KELLY: Oh, I don't think it's less than sincere at all. I think it's just they're being very careful about what they're apologizing for.


KELLY: It's actually a pretty clever work around on the tech side as a way of stopping these phones from shutting down automatically because their batteries are old. You know, I think it's kind of clever, but it's obviously angered a lot of people, hence the many lawsuits which I'm sure Apple is not pleased with.

I mean, it will be seen as taking over this loss of trust. This letter shows they're definitely a little panicked about that.

ALLEN: And how will people -- people that have been kind of curious about their iPhone and what it's been doing, George's wife is one of them, what's wrong with my iPhone, how will you know if this is how you're being affected, if this is the situation?

KELLY: Well, it's only certain iPhones. They're looking at iPhone 6 and later. If you have an iPhone 7 and later, you shouldn't really be experiencing too much of this problem, at least not yet. It could come up in the future.

You can definitely go to an Apple store and ask them to check, you know, the life of your battery, how many charges it has on it, what percentage it's at. They can tell you if it's time to pay that $29.00 for a new battery.

ALLEN: Beats the 70 something dollar charge. Do you think this will do anything to customer loyalty or tarnish Apple's integrity?

KELLY: We have like a little Apple scandal maybe once a year. We usually put gate after it. I don't know if this is battery gate. It doesn't really seem to have a lasting impact. I mean, in the end, iPhones are often a superior product to competitors. You know, doing clever things like this might be one of the reasons why, but they definitely need to work on communication about these kinds of issues.
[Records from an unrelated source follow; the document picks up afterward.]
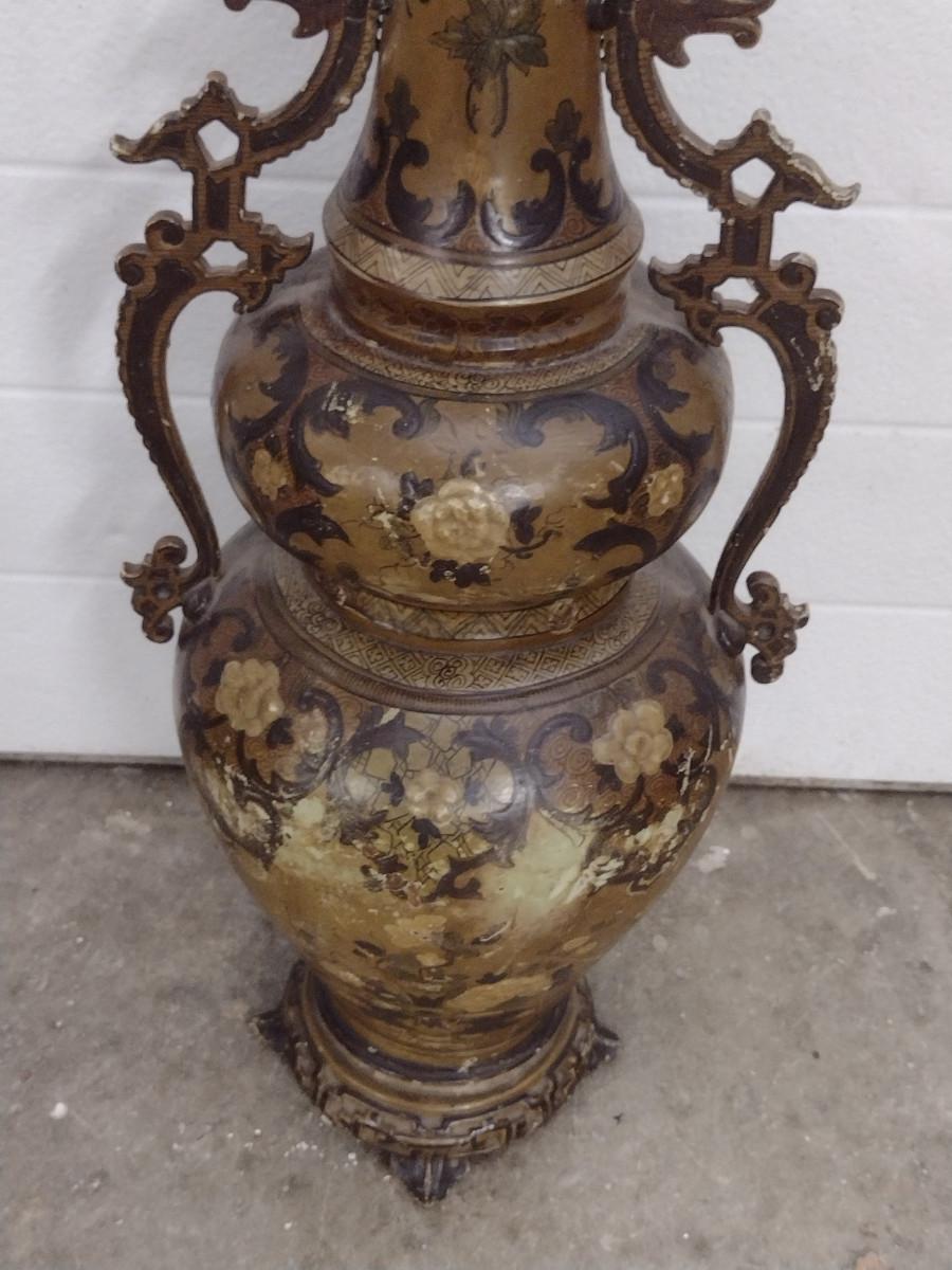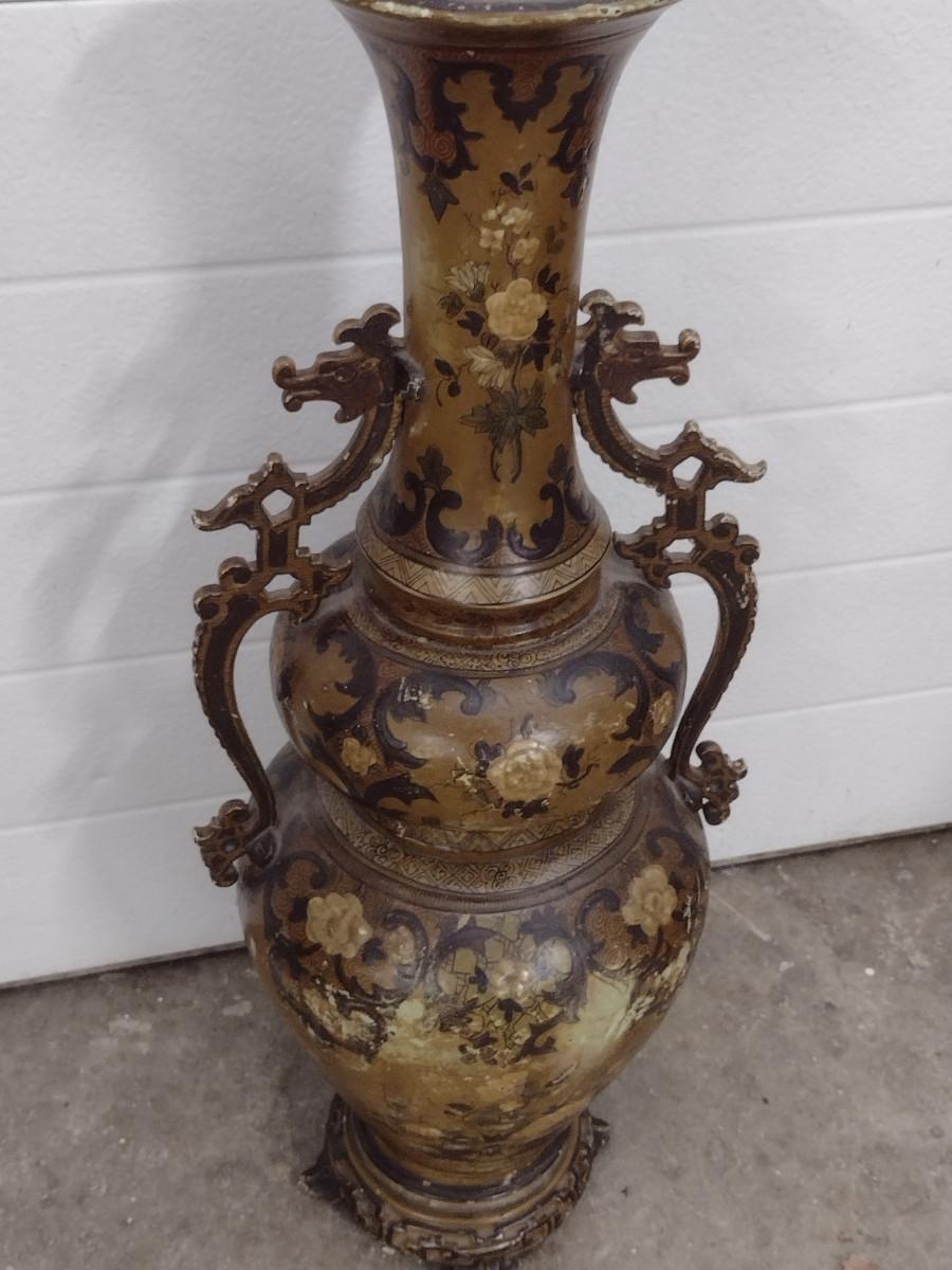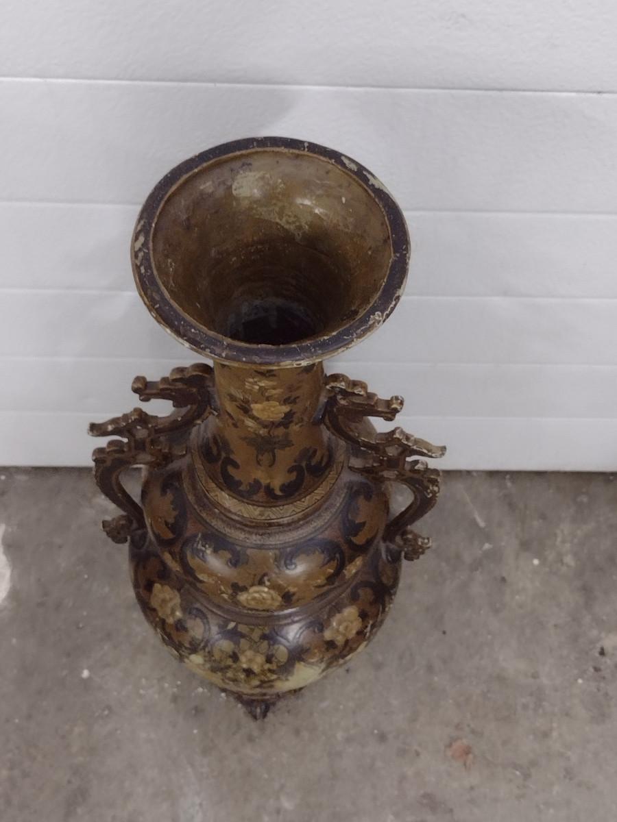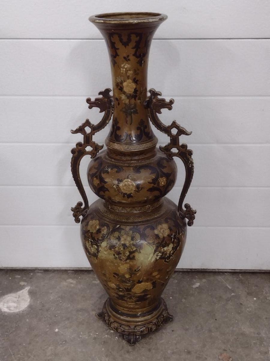 Cast Metal Asian Design Vase- Approx 25" Tall
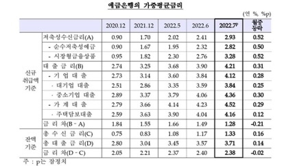 한국은행이 30일 발표한 '7월 금융기관 가중평균금리 자료'에 따르면 지난달 지난달 예금은행의 가계대출 금리(가중평균·신규취급액 기준)는 연 4.52%로 한 달 새 0.29%포인트(p) 올랐다. 2013년 3월(4.55%) 이래 9년 4개월 만에 가장 높은 수준이다. 같은 기간 기업대출은 4.12%로 0.28%p 높아졌다. 금리가 5% 이상인 비중은 16.3%로 2013년 6월 이후 최고치를 기록했다.
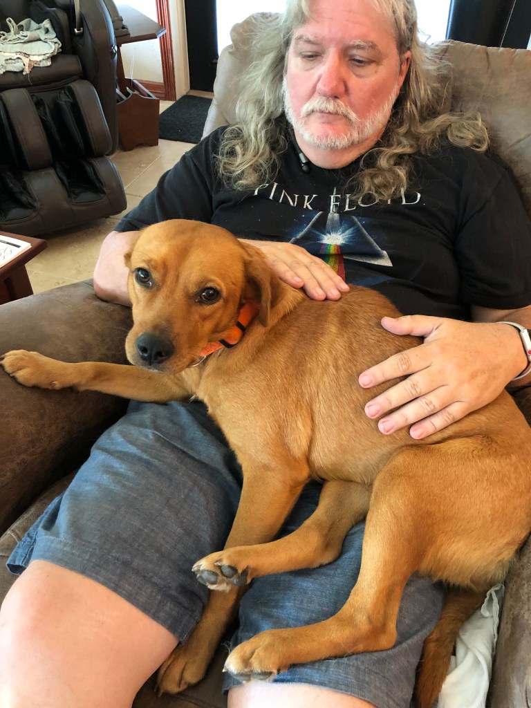 Penney weighs 30 pounds, which once again proves she’s the ideal dog, ha ha. We wonder if she’ll gain weight after being spayed. We tried really hard to get Carlton in the trailer to weigh him, but he was having nothing of it. After running around in 102 degree heat and getting bashed so hard by his head on my right index fingernail that it still hurts today, I gave up, and so did the vet tech. He won. I’d still like to know.

ALLEN: In this era of apologies for other things we've been seeing, Apple needs to get its apology straight and learn how to apologize.

KELLY: Big year for apologies. ALLEN: Heather, thank you.

KELLY: Thank you.

HOWELL: All right. New year's eve in New York City. The city is gearing up for it. Hundreds of thousands of people are set to gather right there in Times Square, but police will be out in force.

ALLEN: And the city has been the target of several recent terror attacks and authorities say they are not taking chances, of course.


JAMES O'NEILL, POLICE COMMISSIONER, NEW YORK POLICE DEPARTMENT: You'll see a stronger police presence out there than we have seen even in recent years. And that's prudent given the terror events we've seen and studied around the world, as well as the three incidents here in New York over the past 15 months.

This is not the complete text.